*** Opening of DATA FOR REVIEW ***
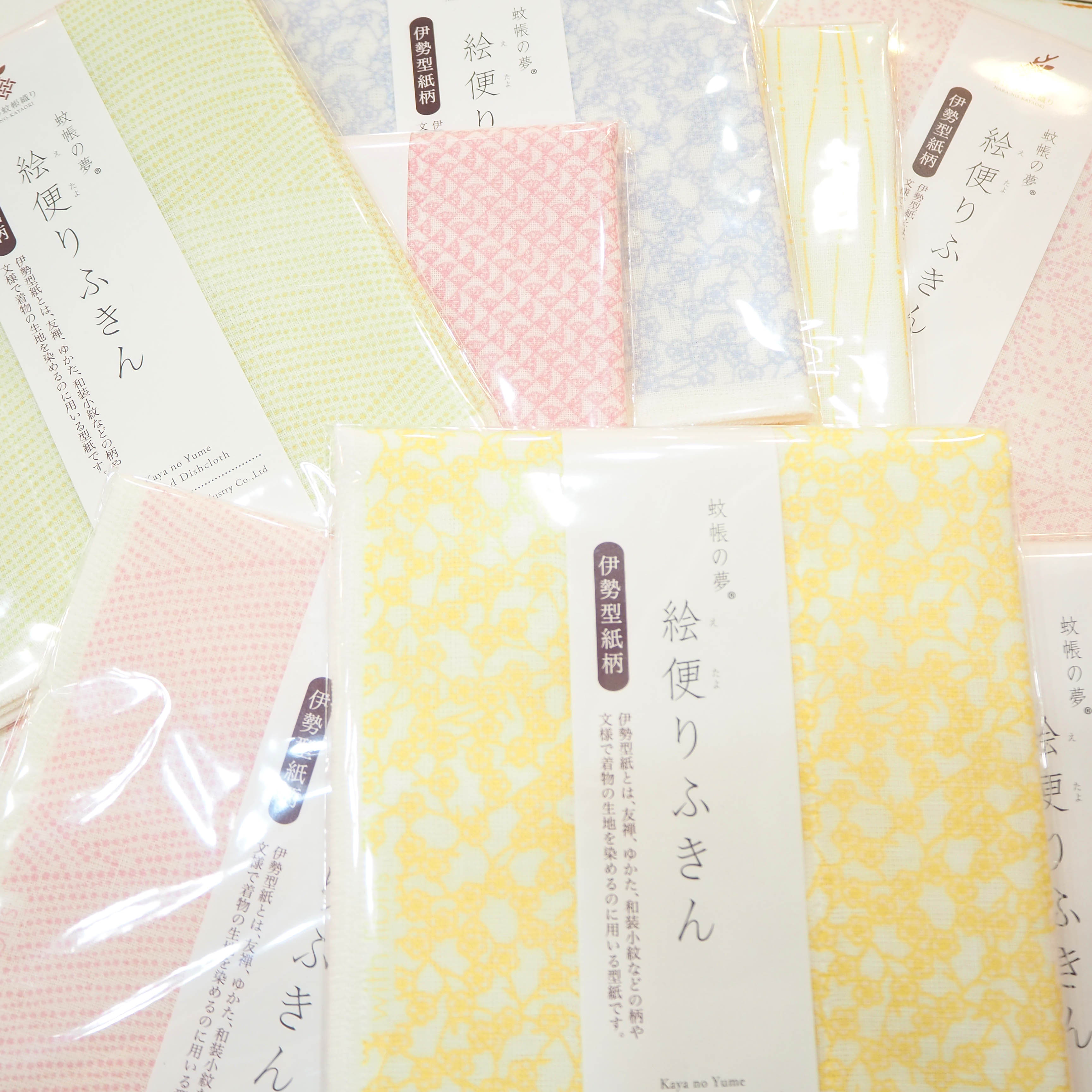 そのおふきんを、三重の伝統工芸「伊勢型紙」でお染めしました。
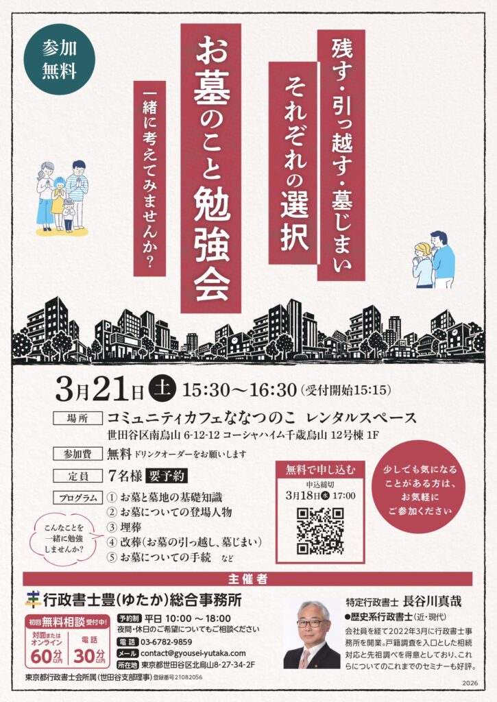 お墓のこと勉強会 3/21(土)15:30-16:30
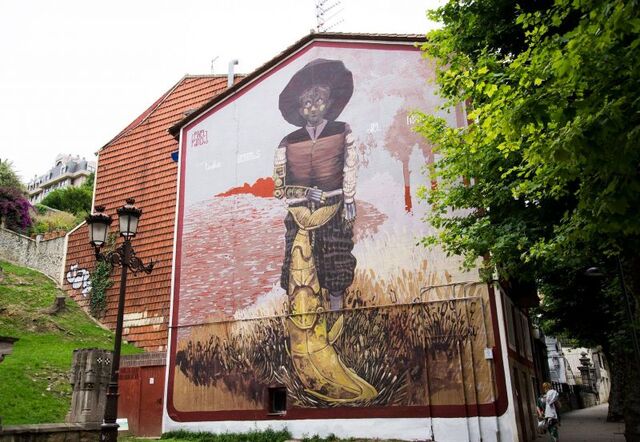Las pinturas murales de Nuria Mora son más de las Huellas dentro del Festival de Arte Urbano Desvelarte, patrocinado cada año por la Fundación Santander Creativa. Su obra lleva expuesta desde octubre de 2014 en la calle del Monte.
*** Close of DATA FOR REVIEW ***
*** Opening of DATA FOR REVIEW ***
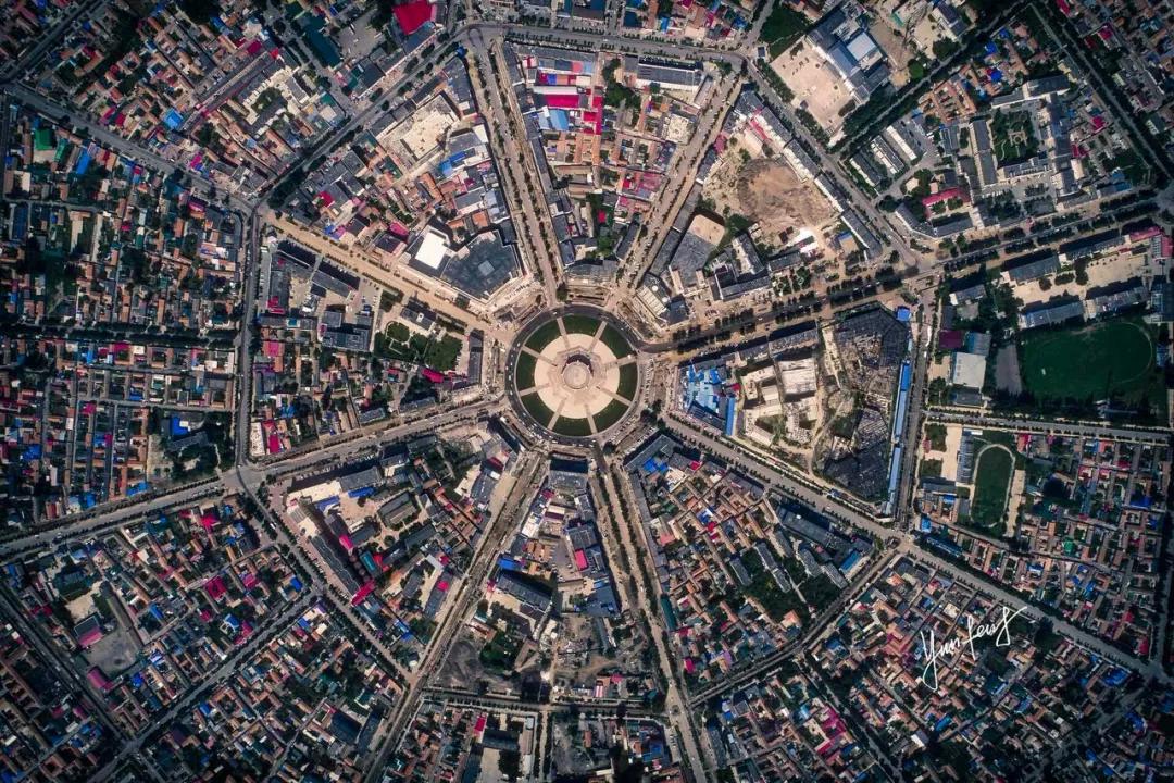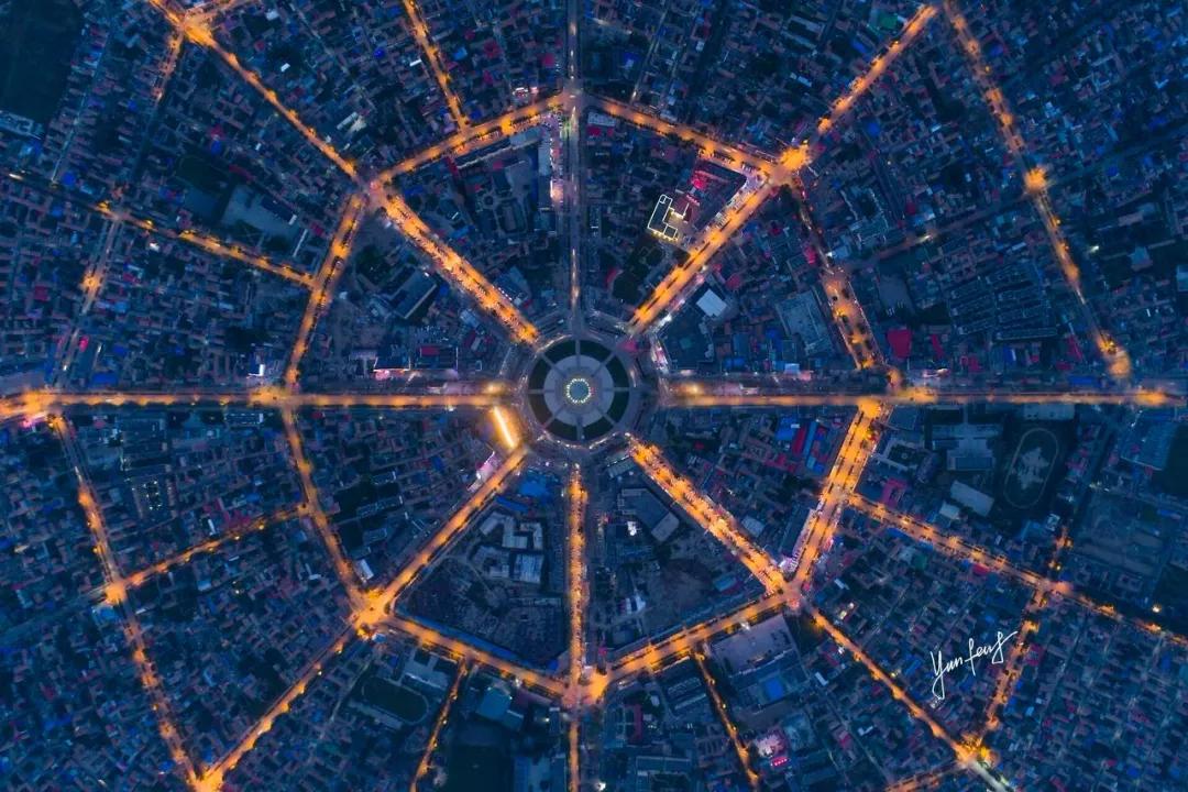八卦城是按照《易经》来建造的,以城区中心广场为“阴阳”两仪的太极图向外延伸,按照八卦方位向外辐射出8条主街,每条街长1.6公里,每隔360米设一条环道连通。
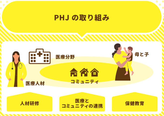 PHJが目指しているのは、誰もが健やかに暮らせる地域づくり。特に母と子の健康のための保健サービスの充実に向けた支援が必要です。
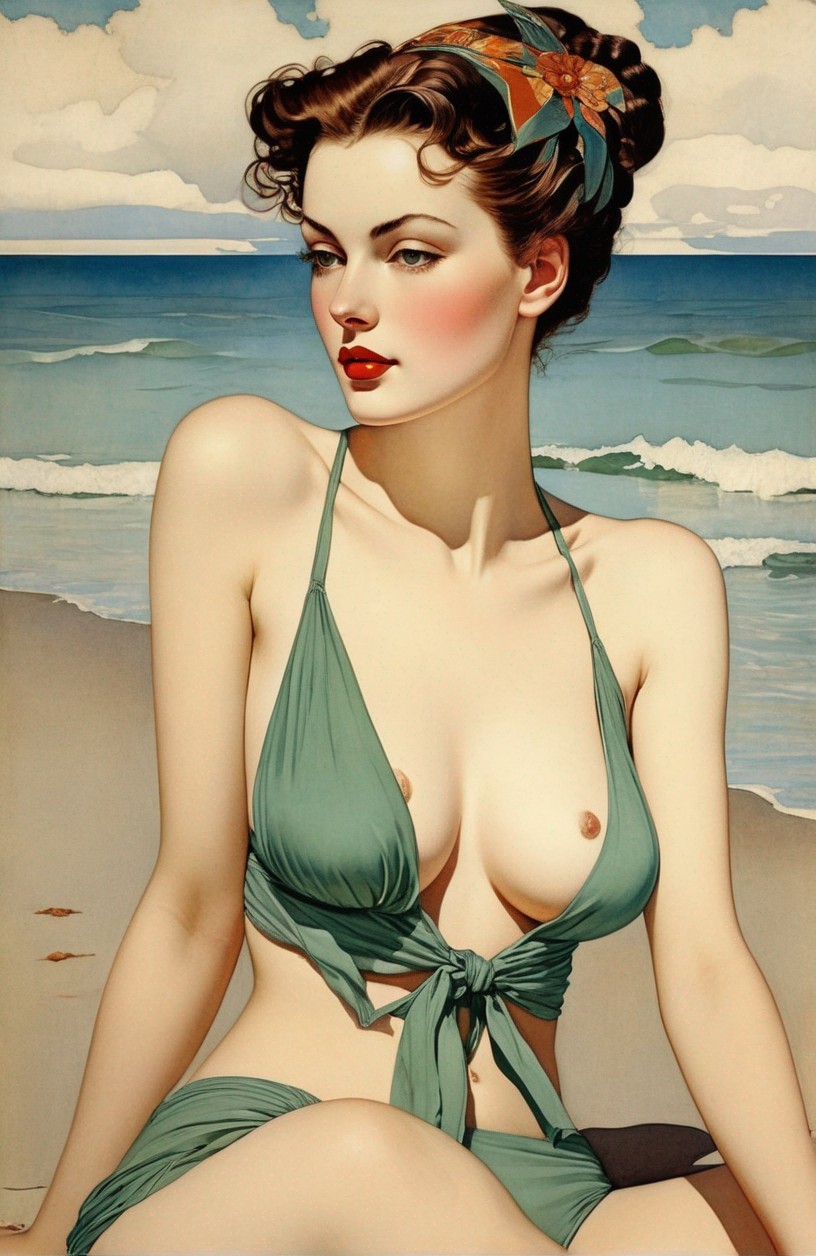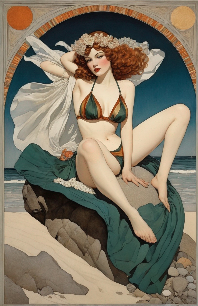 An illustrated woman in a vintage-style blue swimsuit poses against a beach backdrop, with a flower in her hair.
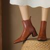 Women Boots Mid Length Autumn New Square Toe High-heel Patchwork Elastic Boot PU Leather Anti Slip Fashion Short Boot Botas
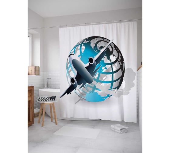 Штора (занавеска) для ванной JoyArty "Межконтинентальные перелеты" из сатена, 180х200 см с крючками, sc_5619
*** Close of DATA FOR REVIEW ***
Above this task is a listing with pictures in it. Retype only the lines from the one containing "Women Boots Mid" through the one containing "Штора (занавеска) для", both included, and not the pictures.

 Women Boots Mid Length Autumn New Square Toe High-heel Patchwork Elastic Boot PU Leather Anti Slip Fashion Short Boot Botas
 Штора (занавеска) для ванной JoyArty "Межконтинентальные перелеты" из сатена, 180х200 см с крючками, sc_5619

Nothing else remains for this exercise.